Error in findgr(tmp[i, 3:N], time, tmp[i, 2], int = 12, r2 = 0.6) :
I believe this refers to the vector 'time' created. My dataframe is length 9 or 10 (not sure if I count $Strain in length). I have tried creating a time vector with varying lengths, but always get this error returned.

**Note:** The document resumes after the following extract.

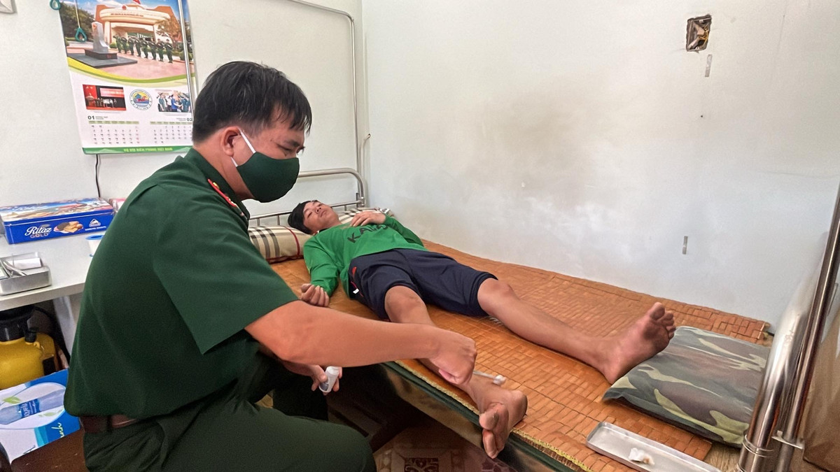 Một trong 9 thành viên trên tàu cá BV 97209 TS gặp nặn đang được chăm sóc sức khoẻ tại Đồn Biên phòng Bến Đá.

Is there anything I am doing wrong? What should I be looking for?
Much thanks for any help, I am a complete beginner at this.
**Scripts were obtained from https://www.princeton.edu/genomics/botstein/protocols/

If you open the script find_gr.R . First lines says:
findgr = function(x, t, plottitle, int=15, r2.cutoff=0.6) {
...
#are x and t the same length?
if (length(x) != length(t)) {
cat("Error: Your data and time are not the same length.\n")
stop()
}
Length of x and t has to be the same. Have a look what are you putting there. You are putting:
gr <- findgr(tmp[i, 3:N], time, ....
Time should be:
time <- seq(0, length(tmp[i, 3:N])-1)
-1 because sequence starts from 0.
However in my case (I generated some data) it produces some other errors. I hope this gives you a starting point.